Friday, March 27, 2009

Food

We have all had very mixed feelings about Thai food. We came here thinking (especially R+K) that of course we LOVED Thai food. But travel broadens the mind... or changes it anyway. I remember when K and I were in Andalucia 17 (!) years ago, and had the revelation that the "Spanish food" we loved was in fact mainly a creation of cookbook writers, and had almost nothing to do with what Spanish people in fact ate. So with Thailand: in a chi-chi restaurant here you can get food not unlike what you would get in a Thai restaurant in the US - with some local additions, variations and authenticities. But what Thai people mostly eat is very different, and it can be quite hard for the farang palate to take. It's not the spiciness. On the contrary: the much-vaunted BK street food, routinely touted as the best in the world, is certainly cheap and certainly everywhere, but often it seems to be a bland and monotonous choice of greasy fried chicken, or greasy fried-chicken-flavored rice, or chicken fried noodles, or the ubiquitous very bony small grilled fish on a stick.

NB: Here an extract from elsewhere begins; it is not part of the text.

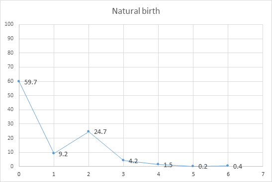 59.7% of the women who took part in the survey have not given birth by normal delivery. The next percentage, i.e. 24.7%, refers to women who have given birth naturally with 2 births and the remaining options, i.e. 1 natural birth, 3 natural births and 4 natural births receive percentages of 9.2%, 4.2% and 1 .5%, respectively (Graph 3).

Perhaps we are just getting jaded. Annyway, today we completely blew the budget and the culture by eating at a (relatively) cheap sushi restaurant for lunch and then an excellent Italian restaurant for dinner. There seem to be a lot of the latter in BK for some reason. K had a porcini and truffle risotto; I had spaghettini with arugula and sausage; the boys, of course, had pizza. (And Tiramisu.)